Storage was once the final frontier of PC performance, and the last component to become fully solid state. Today, the latest M.2 SSDs powered by the new NVMe protocol and hooked up via zappy PCIe connections deliver performance that a conventional hard drive wouldn’t recognize. Yet the hard drive isn’t dead. Not when it offers so much capacity for so little money. Meanwhile, the trusty SATA SSD offers a combination of compatibility and speed that’s awfully compelling. Time to find out which storage technology is the best.

Jeremy Laird
Magnetic Hard Drive vs. SATA SSD vs. M.2 NVMe

ROUND 1

Performance

You might think the choice between old school magnetic drives, conventional SATA SSDs, and the latest M.2 items was a total no-brainer. For the most part, you’d be right. Magnetic drives, with their quaintly spinning platters and delicately servo’ed read heads, certainly don’t stand a chance when it comes to raw performance. They’re OK at sequential workloads, albeit offering about one tenth the speed of a decent SSD at best, but they really suck when it comes to random access.

SATA SSDs, meanwhile, may be pretty quick, even by modern standards, but they’re ultimately held back by both the SATA interface itself, which caps peak performance at about 550MB/s, and the elderly AHCI control protocol, which was never intended to be used with solid-state tech.

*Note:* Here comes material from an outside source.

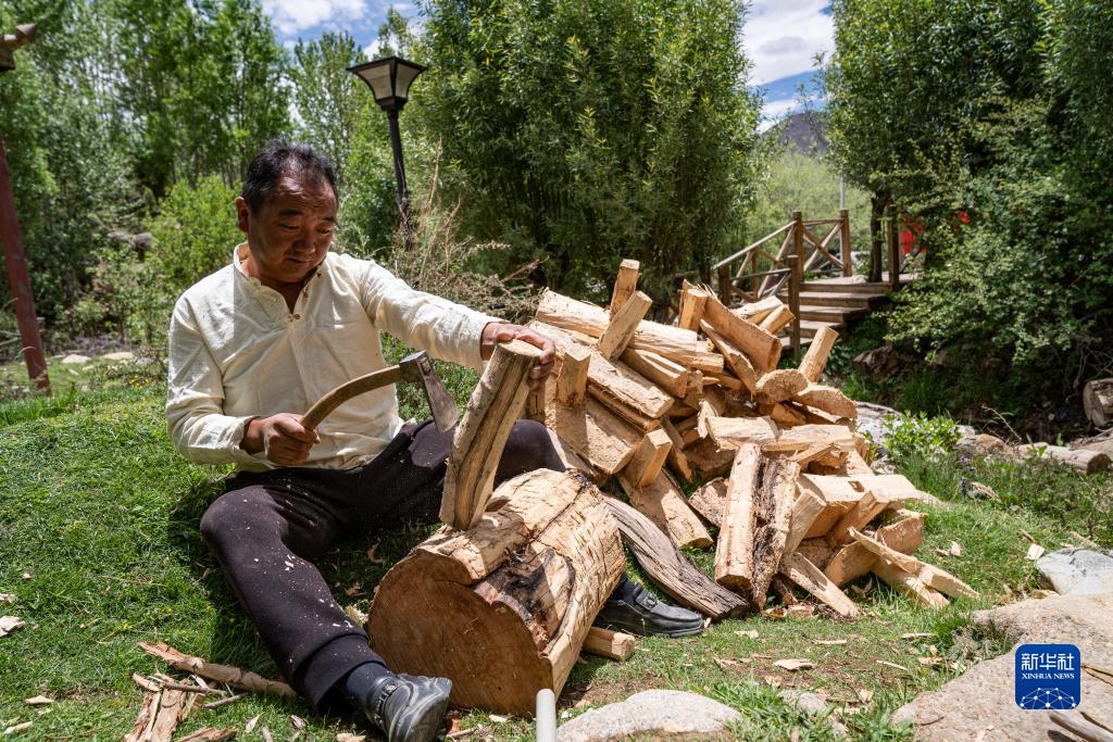 在西藏尼木縣吞巴鎮吞達村,次仁多吉在砍削柏木,為藏香制作準備原料(6月9日攝)。新華社記者 孫非 攝

So it’s M.2 and its zippy PCI Express interconnect that easily rules the day, with the latest drives topping 3GB/s for peak performance, and packing the highly optimized NVMe control protocol. The catch is system compatibility, and that’s why M.2 isn’t a complete no brainer. Especially for older PCs, a SATA SSD may be the most painless path to decent storage performance.

Winner: M.2 NVMe

ROUND 2

Capacity Spare a thought for the poor old conventional hard drive. In this brave new age of solid-state computing, the very notion of moving parts seems utterly antediluvian. But this is its chance to shine. When it comes to raw storage capacity, those spinning magnetic platters positively annihilate the solid state alternatives.